In this set of timing result, we can see the total cpu time was increased significantly. When using one core, the total cpu time was 1287.79 seconds; While the total cpu time was increased to 1790.67 seconds when using 48 cores. There was 502.88 seconds in difference, which degraded the performance. We further can see the elapsed time was reduced by increasing the number of cores.

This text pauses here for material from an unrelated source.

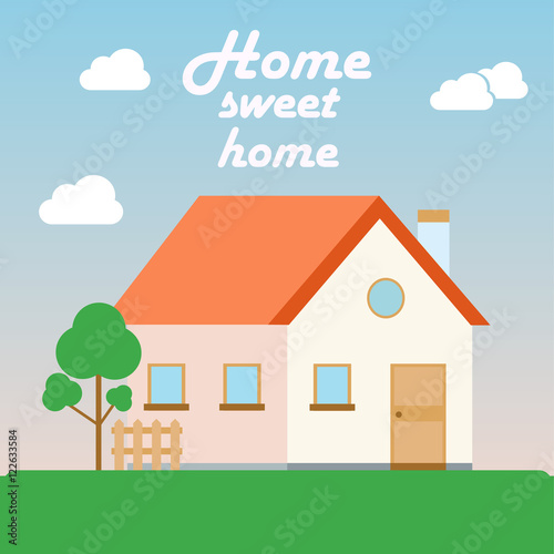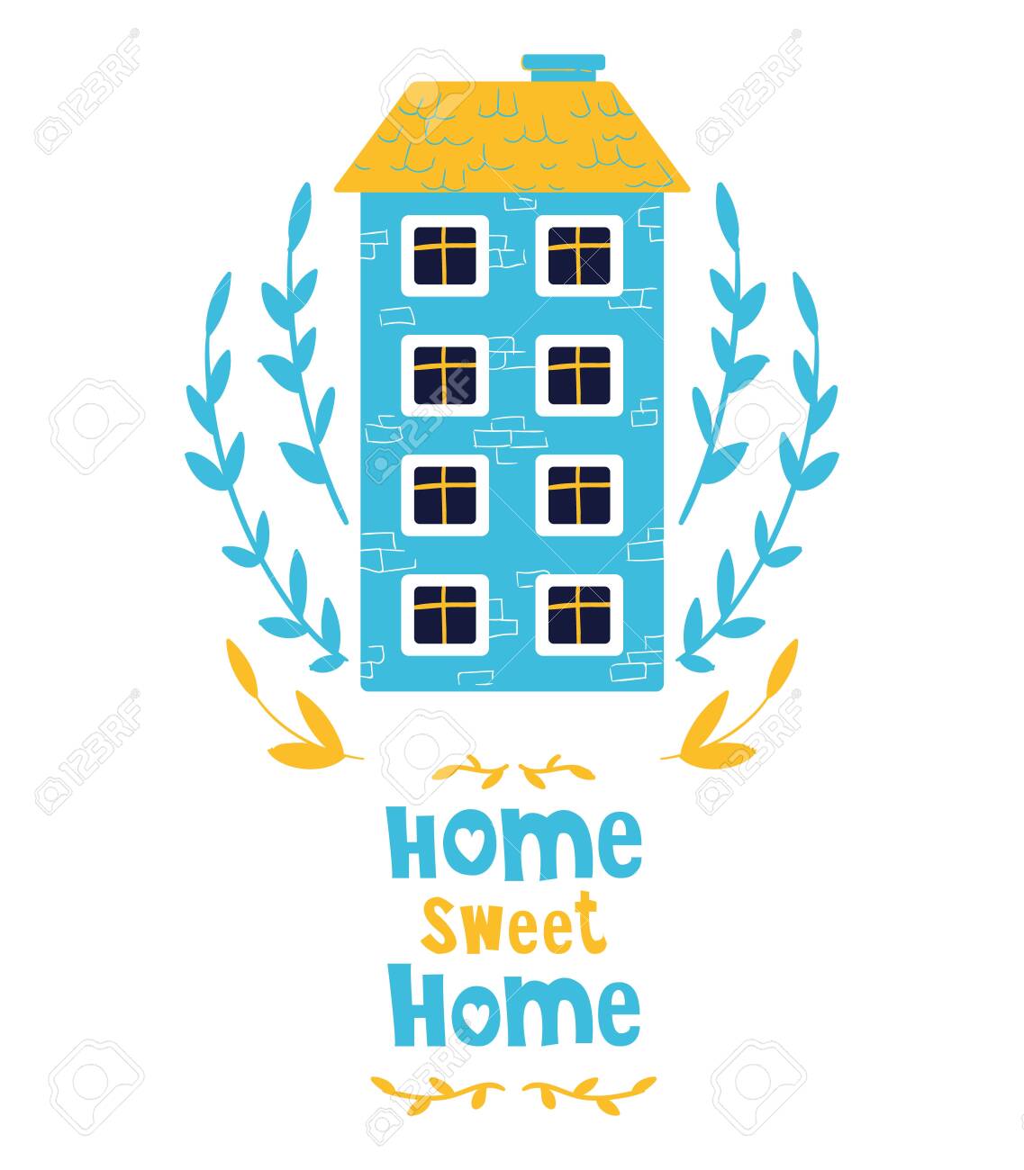 Vector Home Sweet Home Poster In Flat Cartoon Style With House

Speed and efficiency are summarized in the following.

Speedup and Efficiency

Number
of Cores
Elapsed
Time (sec)
Speedup Efficiency
(%)
1 1287.82 1.0000 100.00
2 636.91 2.0220 101.10
3 430.28 2.9930 99.77
4 326.14 3.9487 98.72
5 263.72 4.8833 97.67
6 221.79 5.8065 96.77
7 192.04 6.7060 95.80
8 169.74 7.5870 94.84
9 153.01 8.4166 93.52
10 139.31 9.2442 92.44
11 128.08 10.0548 91.41
12 118.72 10.8475 90.40
13 110.39 11.6661 89.74
14 103.29 12.4680 89.06
15 97.25 13.2424 88.28
16 92.04 13.9920 87.45
17 87.49 14.7196 86.59
18 83.49 15.4248 85.69
19 79.72 16.1543 85.02
20 76.28 16.8828 84.41
21 73.45 17.5333 83.49
22 70.90 18.1639 82.56
23 68.52 18.7948 81.72
24 66.38 19.4007 80.84
25 64.63 19.9260 79.70
26 62.90 20.4741 78.75
27 61.32 21.0016 77.78
28 59.97 21.4744 76.69
29 58.80 21.9017 75.52
30 57.49 22.4008 74.67
31 56.55 22.7731 73.46
32 55.36 23.2626 72.70
33 54.32 23.7080 71.84
34 53.49 24.0759 70.81
35 52.59 24.4879 69.97
36 51.87 24.8278 68.97
37 51.17 25.1675 68.02
38 50.54 25.4812 67.06
39 50.09 25.7101 65.92
40 49.61 25.9589 64.90
41 49.05 26.2552 64.04
42 48.64 26.4766 63.04
43 48.35 26.6354 61.94
44 48.02 26.8184 60.95
45 47.74 26.9757 59.95
46 47.52 27.1006 58.91
47 47.38 27.1807 57.83
48 47.31 27.2208 56.71

The efficiency was dropped down below 90% when using 13 cores. Most LAIPE subroutines can yield an efficiency up to 90% when using 10 cores.